*** DATASET EXTRACT Section Begins ***

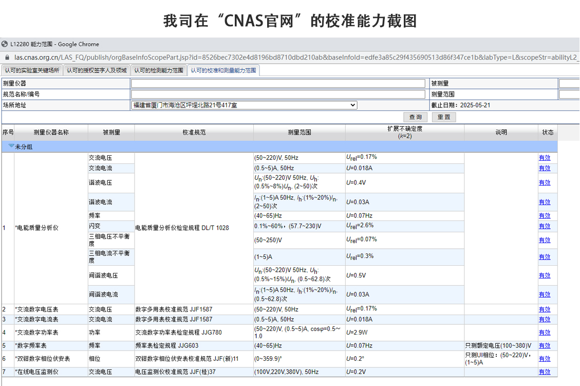 我公司具有电能质量分析仪(在线式和便携式)、电压表、电流表、相位表、频率表等相关监测、计量和保护类表计类校准CNAS资质,可根据具体情况为客户提供实验室或现场灵活方式校准业务。
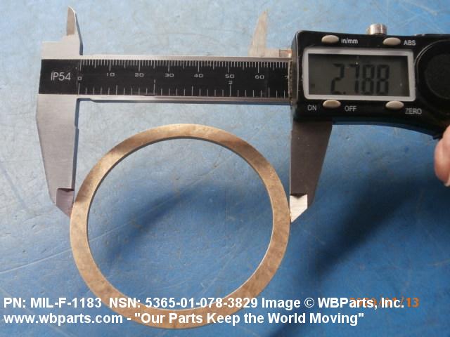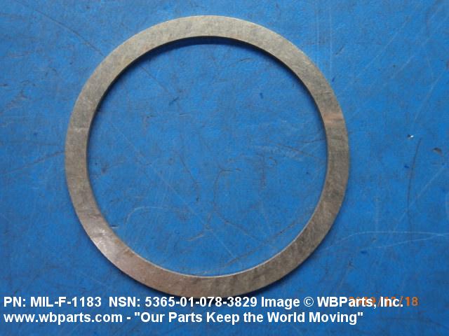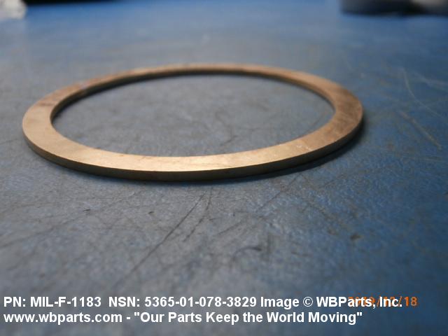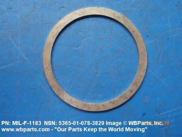 5365-01-078-3829 A circular-shaped item designed to maintain predetermined distance between assembled parts and/or for distributing pressure or preventing endwise movement between member parts. It has a solid cross-section and two flat parallel bearing surfaces. The distance between the bearing surfaces perpendicular to the axis of the centrally located hole shall not exceed 25 percent of the outside diameter. The diameter of the centrally located hole must exceed 75 percent of the outside diameter. Excludes laminated items. For items manufactured from impregnated graphite or lubricated nonmetallic materials, excluding felt or plastics, see GASKET. For items manufactured from lubricated plastics, see BEARING, WASHER, THRUST. For items manufactured from lubricated felt, see FELT, MECHANICAL, PREFORMED. Excludes DISK, VALVE; INSULATOR WASHER; and SHIM. See also SPACER, PLATE and SPACER, SLEEVE.
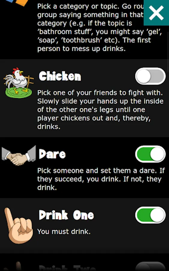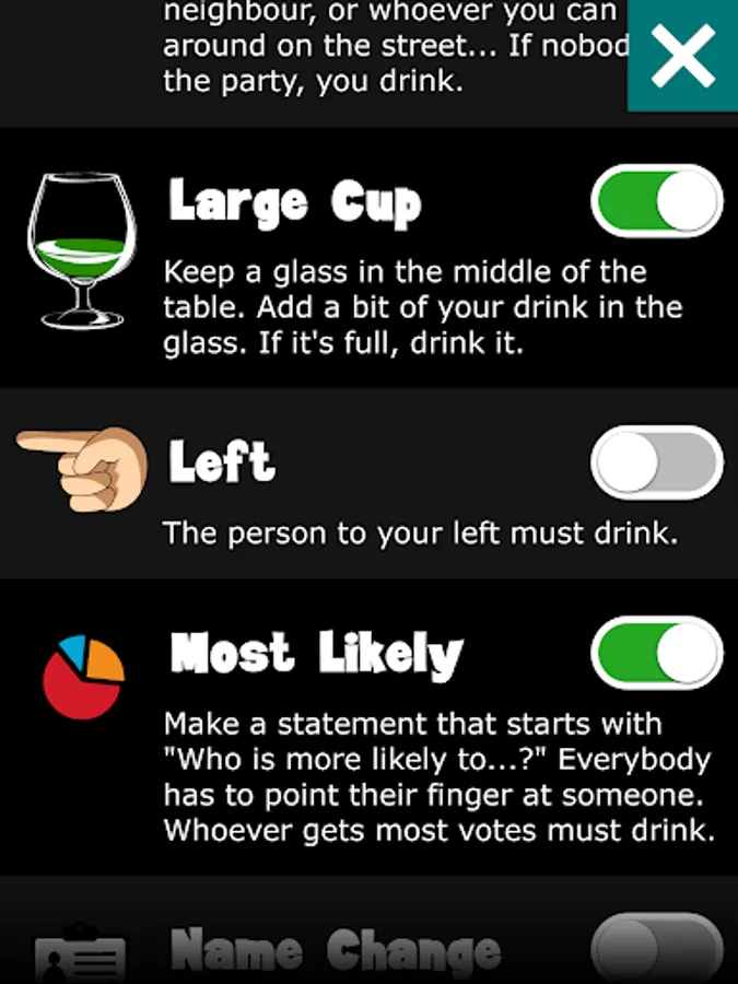 Wheel of Drinking is a drinking game where players spin a wheel and do as it says. It's a very simple mechanism to provide a lot of fun. 38 different games to try.
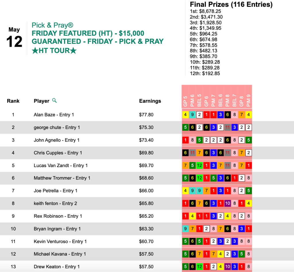 The “Lady” was one of four Baze winners en route to his victory worth $8,678 in Friday’s HT Tour competition, our $15,000 Guaranteed Pick & Pray, which closed its books with $19,285 in the pot.
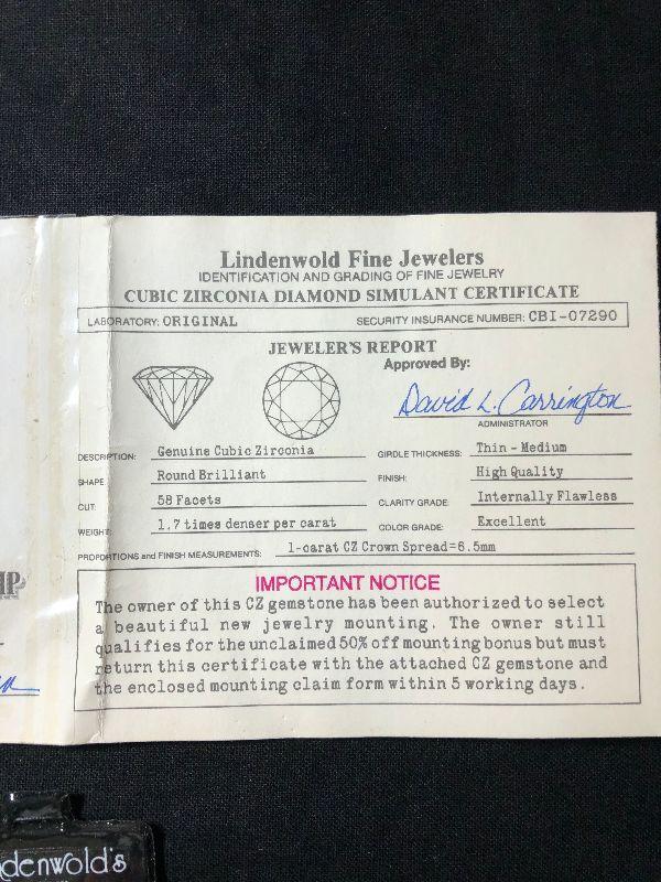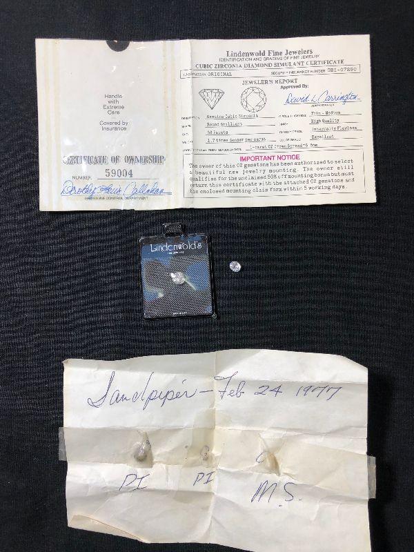 2 Cubic Zirconia stones - one with grade sheet from Lindenwold Fine Jewelers.
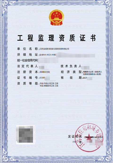 2022年11月18日,項(xiàng)目管理公司獲得由江蘇省住房和城鄉(xiāng)建設(shè)廳頒發(fā)的“房屋建筑工程乙級和市政公用工程乙級”兩項(xiàng)工程監(jiān)理資質(zhì)證書,標(biāo)志著公司資質(zhì)申辦工作取得重大進(jìn)展,對提升公司品牌影響力,提高市場競爭力具有重要的意義。
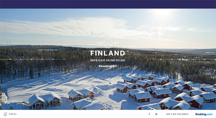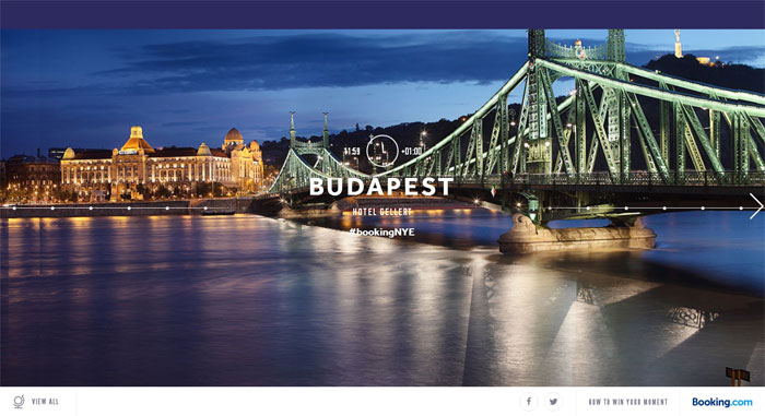 這家專門做酒店預(yù)訂的網(wǎng)站,在首頁為用戶展現(xiàn)了不同地區(qū)、不同國家的人文風景,而且會隨著用戶鼠標的點擊、滑動來進行變換,獲得了非常好的用戶體驗。
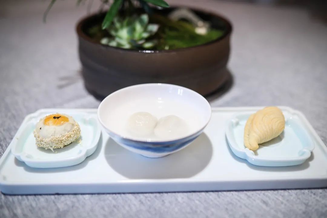 14道点心,既要道道美味,却又不能量太大。厨师们就将这些点心做得小巧玲珑,一口一个。于是,具有海派特色的“微型点心”出笼了。
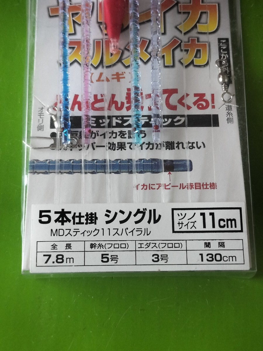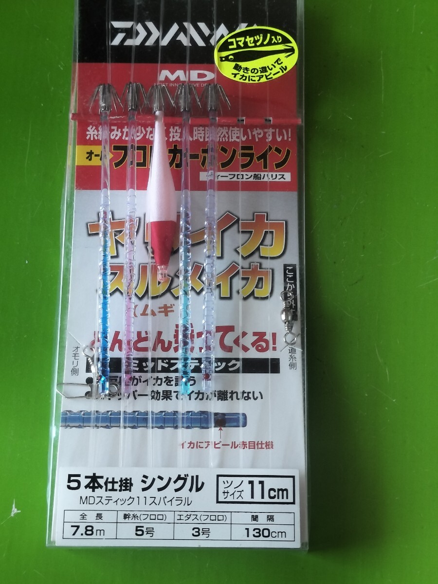 ダイワ イカ仕掛け 11cm5 本角1段 スパイラル ブランコ マ イカ ケンサキイカ スルメイカ アカイカ ヤリイカ ハリス3号幹糸5号枝間130センチ全7.8m パッケージの擦り傷等の痛みがあります。
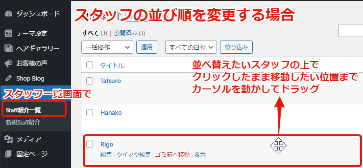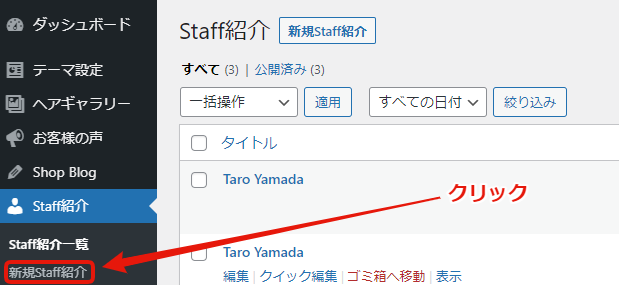 Staff紹介から、新規Staff紹介をクリック
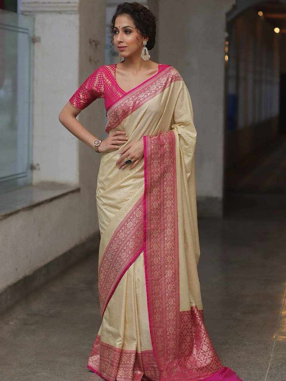 Design: Beautiful rich pallu with intricate jacquard work woven all over the saree, offering a graceful and luxurious look
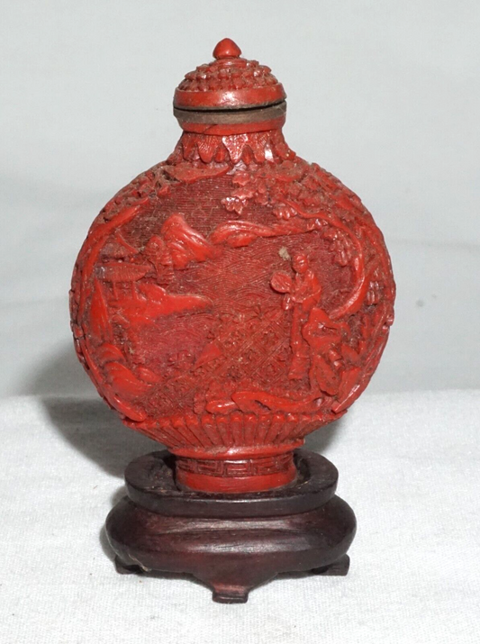 Vtg Chinese Cinnabar Style Snuff Bottle w Molded Figure Motif Reign (LLA) IC
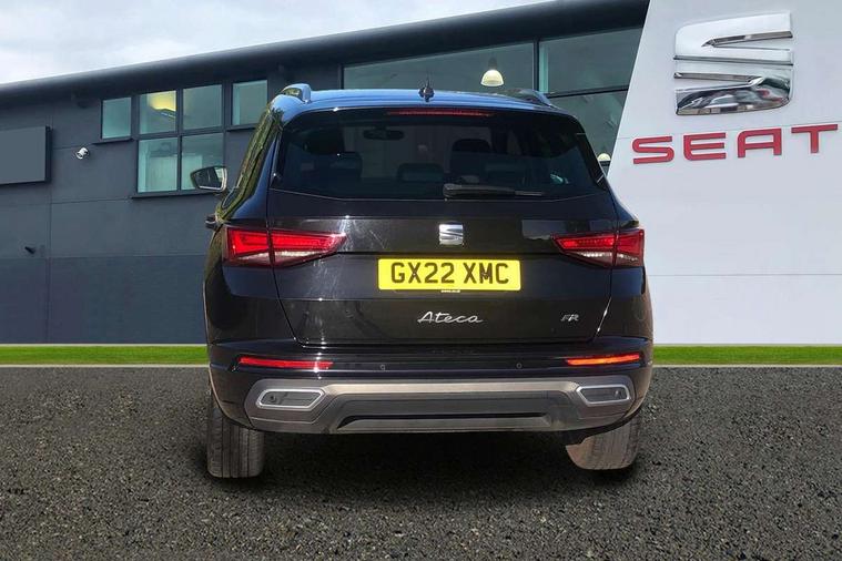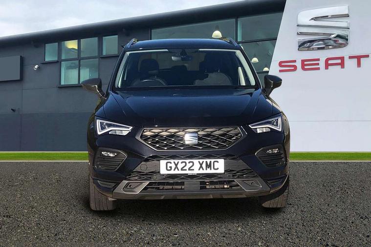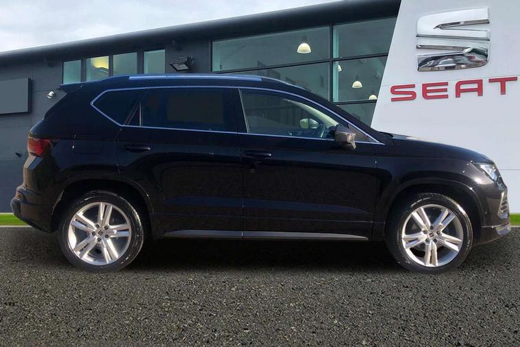 Cruise control system with speed limiter, E-call, Outside temperature gauge, Progressive power assisted steering, SEAT drive profile with driving experience button - Normal, Sport, Eco and Individual mode, steering and throttle response, Self parking functionality (includes front and rear parking sensors), Trip computer, Wireless full link smartphone integration, Wireless phone charger, Steering wheel mounted audio/phone controls, Body colour bumpers, Body coloured wheel arch surrounds, Chrome roof rails, Chrome side window trim, Cosmo grey front grille frame, Dark tinted rear windows, Daytime running lights, Door mirrors with welcome light silhouette, Dynamic headlight range control with self adjusting whilst driving, Electric adjustable/heated/folding door mirrors, Front and rear electric windows, Full LED headlamps with lens and LED front fog lamps with cornering function, Illuminated aluminium front door sill, LED rear tail lights with dynamic indicators, Rear fog lights, Rear side wing doors, Rear spoiler, Rear wash/wipe, Simulated exhaust pipes in chrome frame, 12v socket in front, 3 seat bench in 2nd row, 60/40 split folding rear seat, Aluminium pedals, Dual zone climate control, Front and rear head restraints, Front centre armrest, Front seat back storage pockets, Height adjustable driver and passenger seat with lumbar adjustment, ISOFIX points in outer rear seats with top tether anchorage points, Leather steering wheel and gear knob, Microsuede upholstery with front sports seats, Rear armrest and easy back seat release mechanism from boot, Single front passenger seat, Storage compartment under driver's seat, Convenience pack - Ateca, Interior lighting pack - Ateca, Navigation system pack with DAB - Ateca, 3x3 point rear seatbelts, ABS, Traction control system (TCS), Electronic stability control (ESC) and Electronic differential lock system (XDS), Airbags - Driver and front passenger airbag with deactivation, front side, two curtain and driver's knee airbags, Electric parking brake with auto hold function, Front and rear seatbelt reminder, Front assist with autonomous emergency braking, Hill hold control, Manual rear child locks, Tiredness recognition system, Traction control, Tyre pressure monitoring system, Alarm, Keyless entry, Locking wheel bolts, Chrome interior detailing, 18" Brillaint silver alloy wheels,
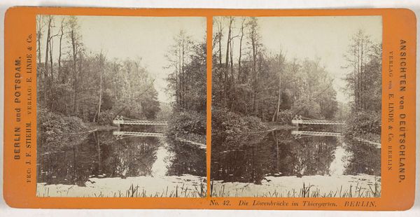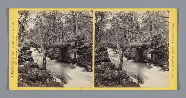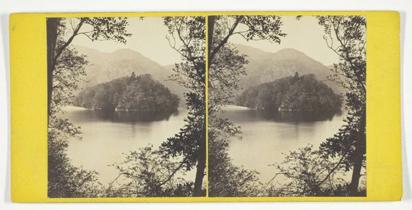 Editor: So, this is "The Rock called \"Dovedale Church,\" In the distance," created by W. Woodward. It’s an undated photograph presented as a stereograph. It’s lovely; the water seems to stretch out forever, and there’s almost a dreamlike quality to the landscape. What draws your eye when you look at this print? Curator: Immediately, I’m struck by how the photographer uses this stereograph to invite the viewer into a mediated experience of nature. Note how the mirroring subtly emphasizes a division, not just of space but almost of perception. The "church" rock, almost a vestige, becomes symbolic of the enduring, yet increasingly distant, natural world. What cultural anxieties do you think this evokes, especially given the time period’s rapid industrialization? Editor: That's interesting, a feeling of something being lost. I hadn't considered that. So the stereograph isn’t just a novelty, it’s like...a lament? Curator: Precisely! Look closer. The soft focus, characteristic of pictorialism, further romanticizes the scene, obscuring harsh realities. Do you see how this blurring could represent a kind of selective memory, a longing for a perhaps idealized past? The dual image is also significant; a duplication implies that the natural world isn't directly experienced, but constantly filtered and re-presented. Does that reading resonate? Editor: Definitely! It makes me think about how even then, people were aware of humanity's impact on the landscape. The two viewpoints force us to consider our role in shaping the image, and by extension, the environment. I didn't appreciate all those layers at first glance. Curator: Indeed, images, particularly those crafted with such deliberate artistry, hold echoes of cultural memory and anxieties far beyond their immediate subject. Hopefully now you see how the duplication works almost like a hall of mirrors? What final thoughts come to mind? Editor: I’m walking away seeing the photograph as more than a pretty picture; it’s a symbol of a changing world, viewed through a lens of nostalgia. It gives me a lot to think about, particularly relating to pictorialism's aesthetic manipulation.
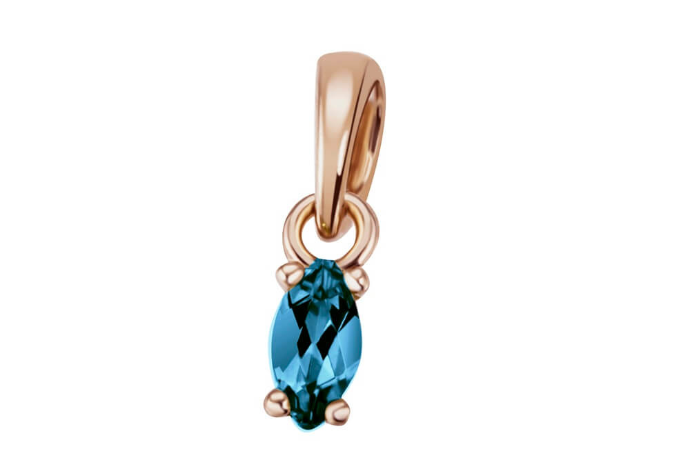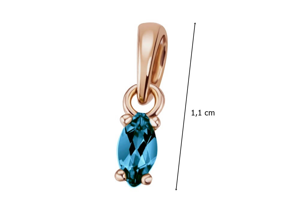 A beautiful 14-karat rose gold pendant with an elongated blue topaz gemstone sparkling in the center. Red gold, also known as rose gold, is particularly well suited to the skin color and tone of autumnal types. Wear this London topaz rose gold pendant with a similar rose gold chain to highlight its unique beauty.
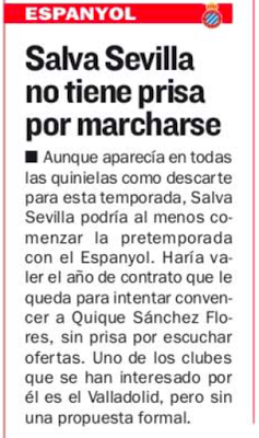 Hoy el Diario AS informa que pese a que el Real Valladolid tiene en mente a Salva Sevilla para reforzar el centro del campo, por ahora no existe propuesta formal del club pucelano por el futbolista. Aunque el jugador aparecía en todas las quinielas como descarte para esta temporada, Salva Sevilla podría al menos comenzar la pretemporada con el Espanyol. Haría valer el año de contrato que le queda para intentar convencer a Quique Sánchez Flores, sin prisa por escuchar ofertas. Uno de los clubes que se han interesado por él es el Real Valladolid, pero sin una propuesta forma.
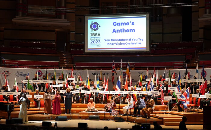 バーミンガム(イギリス)のシンフォニーホールで「バーミンガム2023 IBSAワールドゲームズ」の開会式が行われた。客席には世界から視覚障害のある選手があつまり、非常にリラックスした雰囲気の中で執り行われた。
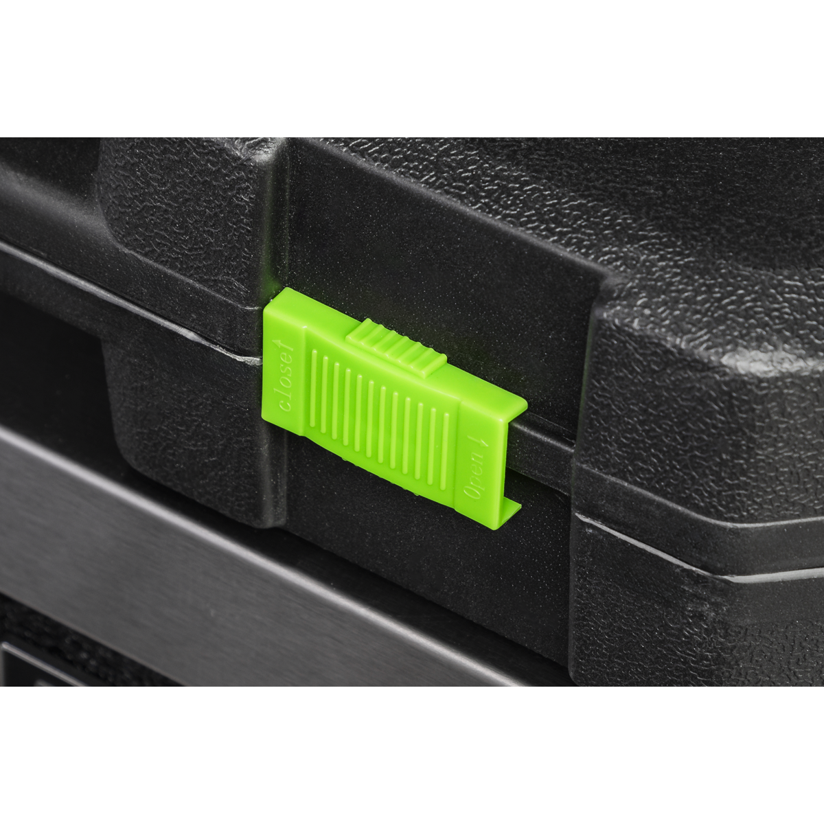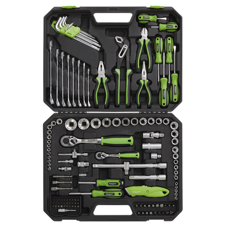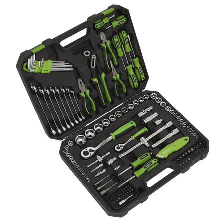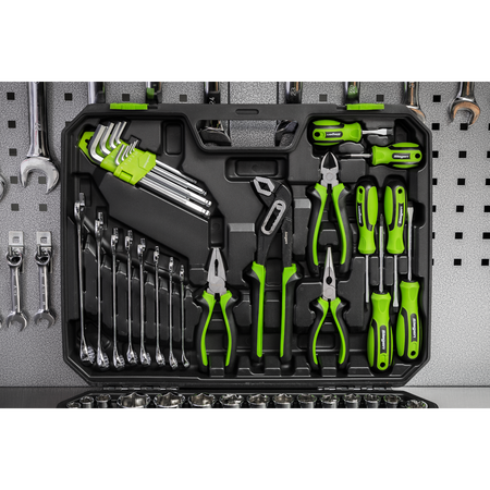 Comprehensive range of frequently used hand tools with 1/4" and 1/2"Sq Drive Reversible ratchet wrenches. Includes 1/4", 3/8" and 1/2"Sq drive sockets, hex keys, combination spanners, screwdrivers, pliers, utility knife, bit set and accessories. Tools feature soft grip handles for comfort and control. Supplied in a storage case.

*** DATASET EXTRACT Section Ends ***

Starting at the line that contains "Hoy el Diario", write out every line through the end of the entries, both ends included, without any pictures.

**WRITTEN RESPONSE**
 Hoy el Diario AS informa que pese a que el Real Valladolid tiene en mente a Salva Sevilla para reforzar el centro del campo, por ahora no existe propuesta formal del club pucelano por el futbolista. Aunque el jugador aparecía en todas las quinielas como descarte para esta temporada, Salva Sevilla podría al menos comenzar la pretemporada con el Espanyol. Haría valer el año de contrato que le queda para intentar convencer a Quique Sánchez Flores, sin prisa por escuchar ofertas. Uno de los clubes que se han interesado por él es el Real Valladolid, pero sin una propuesta forma.
 バーミンガム(イギリス)のシンフォニーホールで「バーミンガム2023 IBSAワールドゲームズ」の開会式が行われた。客席には世界から視覚障害のある選手があつまり、非常にリラックスした雰囲気の中で執り行われた。
 Comprehensive range of frequently used hand tools with 1/4" and 1/2"Sq Drive Reversible ratchet wrenches. Includes 1/4", 3/8" and 1/2"Sq drive sockets, hex keys, combination spanners, screwdrivers, pliers, utility knife, bit set and accessories. Tools feature soft grip handles for comfort and control. Supplied in a storage case.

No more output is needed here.